▶ **Directions**: Your copy begins at the line with "Traditional file search" and runs through the end of the data below. Set down only those lines exactly, without pictures.

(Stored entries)
*-*-*

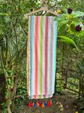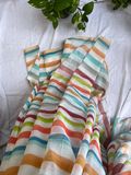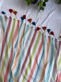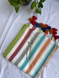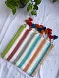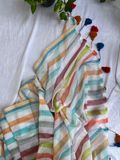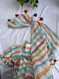White bengal mul cotton saree with pastel tone horizontal lines running end to end. Dreamy, classy and elegant
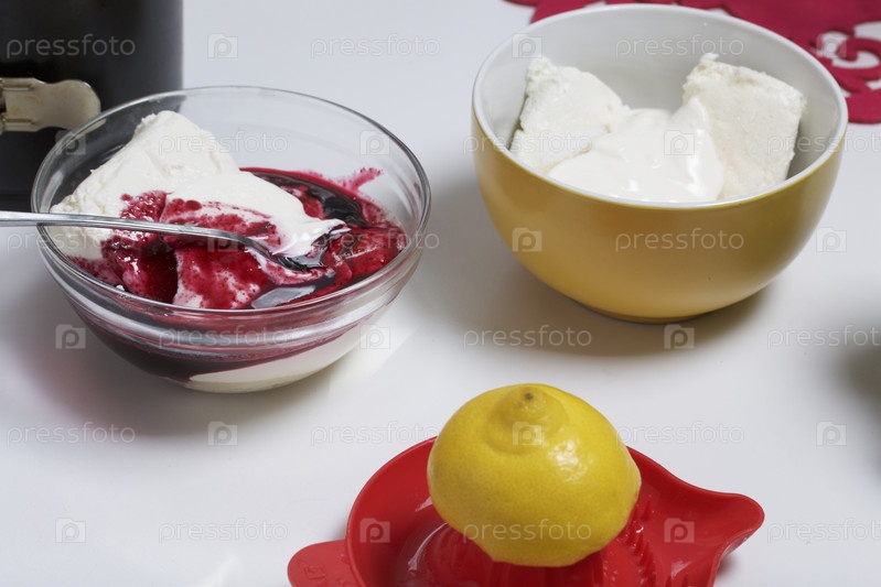 Черничный чизкейк. Ингредиенты для приготовления расположены на поверхности стола
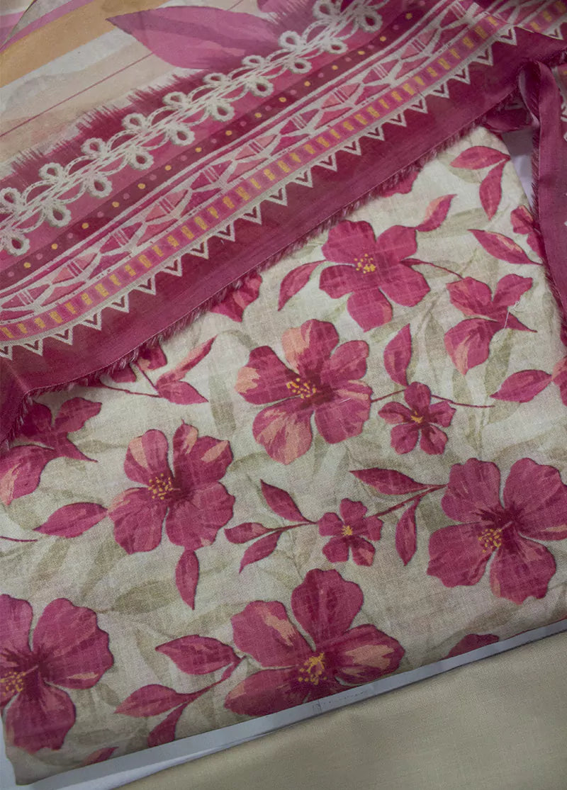 Bin Saeed Fabrics presents a women's 3 Piece UnStitched Digital Printed Suit featuring a multicolor lawn shirt, beige lawn trousers, and a matching multicolor lawn dupatta. Made from lightweight lawn fabric, this suit offers comfort and breathability, perfect for warm weather in Pakistan. The unstitched design allows for custom tailoring.
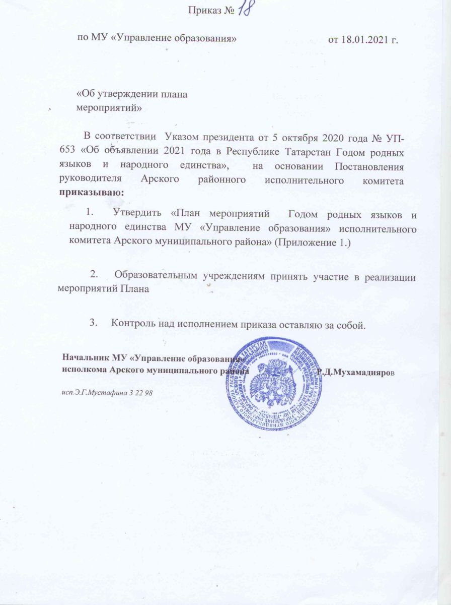 - Приказ МУ "Управление образования" Арского МР № 18 от 18.01.2021 "Об утверждении плана мероприятий"
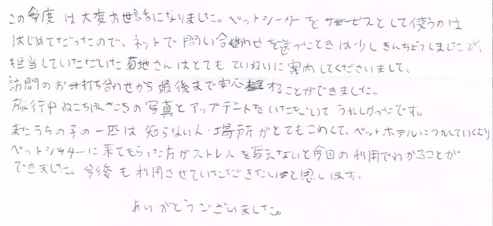 ペットシッターをサービスとして使うのははじめてだったので、ネットで問い合わせを送ったときは少しきんちょうしましたが、担当していただいた菊地さんはとてもていねいに案内してくださいまして、訪問のお打ち合わせから最後まで安心することができました。
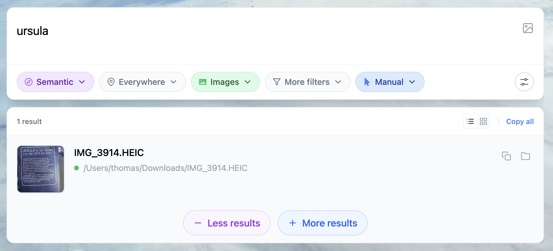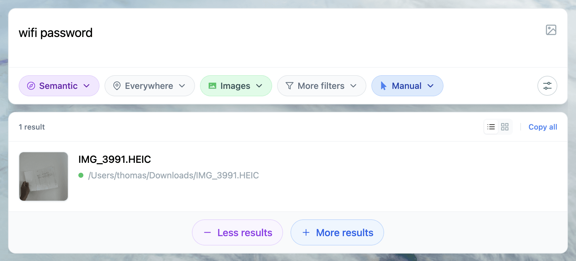 Traditional file search is great at filenames and metadata, but images and screenshots are different:
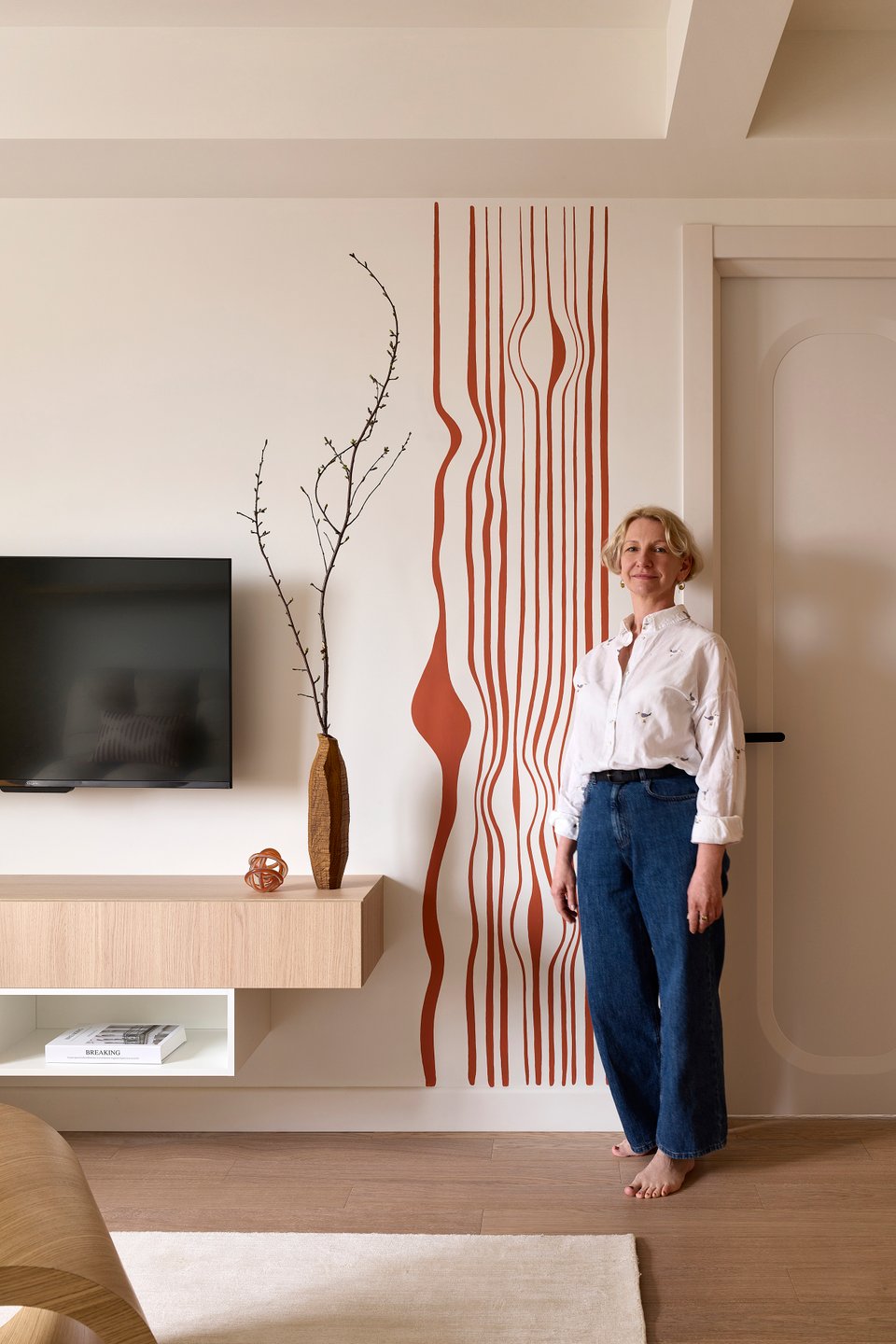 «Главная работа велась с архитектурой помещения, — рассказывает дизайнер. — Мы не делали перепланировку, лишь аккуратно адаптировали ее под запрос владелицы. Несущие балки зашили и скруглили, превратив их в выразительные элементы интерьера. На кухне пилон и нишу оформили в виде декоративной арки. В гостиной геометрия балок помогла создать интересное зонирование».
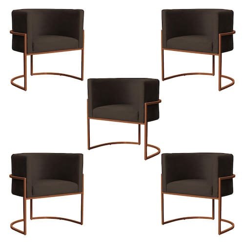 Kit 5 Poltronas Decorativa Luana Base Bronze Veludo Marrom uma Poltrona que trás vida ao seu ambiente. A Poltrona Luana é a mais inovadora do momento, com sua base em metal deixa o design mais sofisticado, e claro o conforto que essa Poltrona proporciona. Cada detalhe feita com matéria-prima de ótima qualidade, garantindo durabilidade do produto.
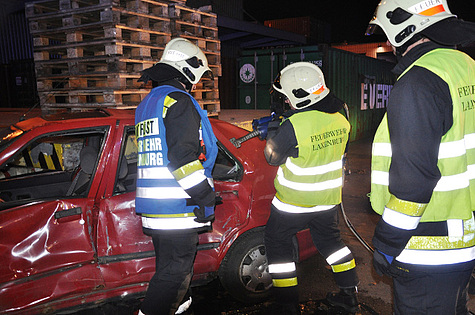 Nach getaner Planung begann am Dienstag im Laufe des Tages, in Zusammenarbeit mit mehreren Mitarbeitern der Firma LKW-Walter, die Vorbereitungen. Die Übungsannahme war ein schwerer Verkehrsunfall mit drei beteiligten Fahrzeugen mit jeweils zwei eingeklemmten Personen.
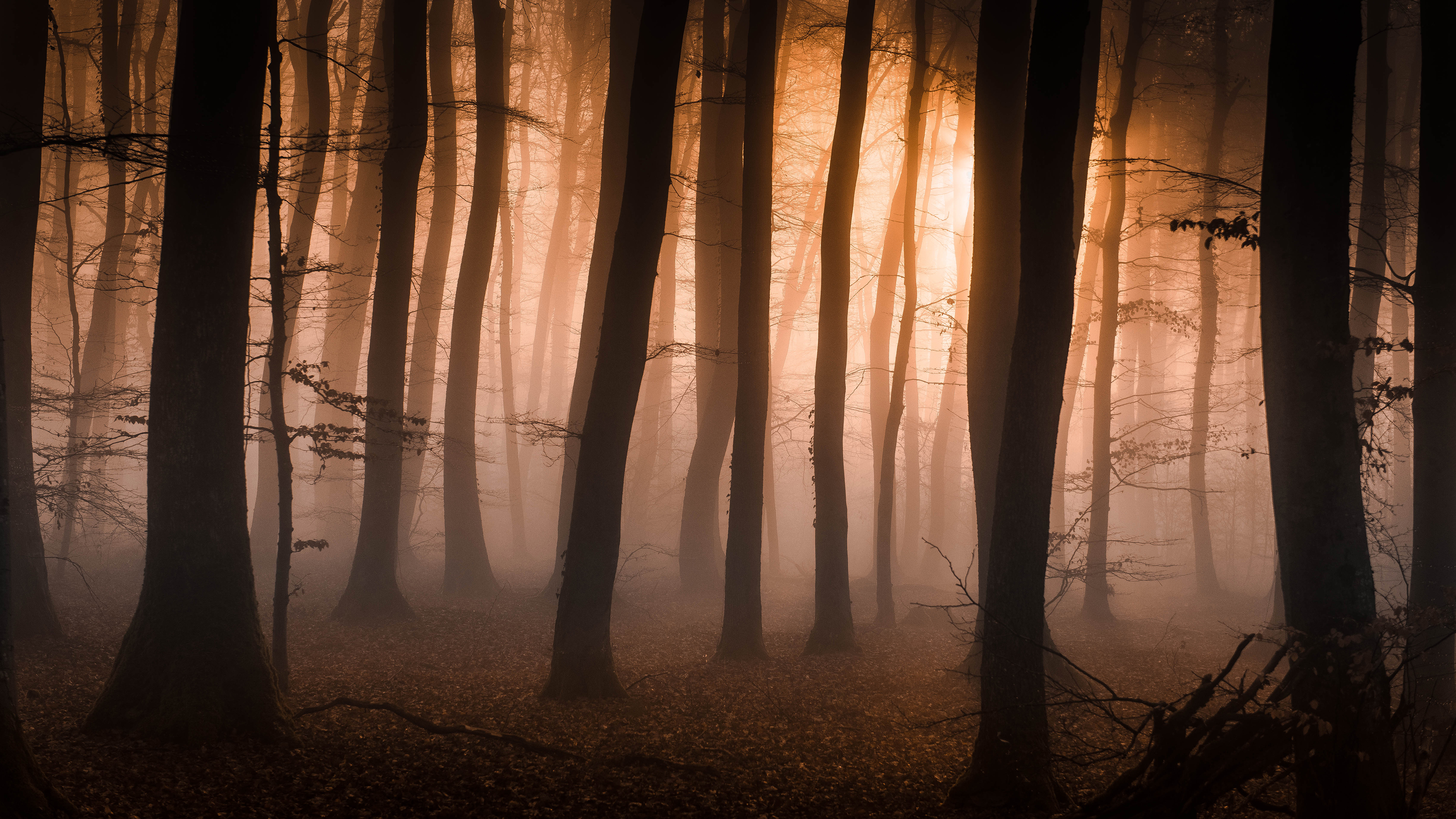 Description: A forest filled with lots of tall trees covered in fog and light at night time with a sun shining through the trees.

*-*-*

▶ **Exercise answer**:
 Traditional file search is great at filenames and metadata, but images and screenshots are different:
 «Главная работа велась с архитектурой помещения, — рассказывает дизайнер. — Мы не делали перепланировку, лишь аккуратно адаптировали ее под запрос владелицы. Несущие балки зашили и скруглили, превратив их в выразительные элементы интерьера. На кухне пилон и нишу оформили в виде декоративной арки. В гостиной геометрия балок помогла создать интересное зонирование».
 Kit 5 Poltronas Decorativa Luana Base Bronze Veludo Marrom uma Poltrona que trás vida ao seu ambiente. A Poltrona Luana é a mais inovadora do momento, com sua base em metal deixa o design mais sofisticado, e claro o conforto que essa Poltrona proporciona. Cada detalhe feita com matéria-prima de ótima qualidade, garantindo durabilidade do produto.
 Nach getaner Planung begann am Dienstag im Laufe des Tages, in Zusammenarbeit mit mehreren Mitarbeitern der Firma LKW-Walter, die Vorbereitungen. Die Übungsannahme war ein schwerer Verkehrsunfall mit drei beteiligten Fahrzeugen mit jeweils zwei eingeklemmten Personen.
 Description: A forest filled with lots of tall trees covered in fog and light at night time with a sun shining through the trees.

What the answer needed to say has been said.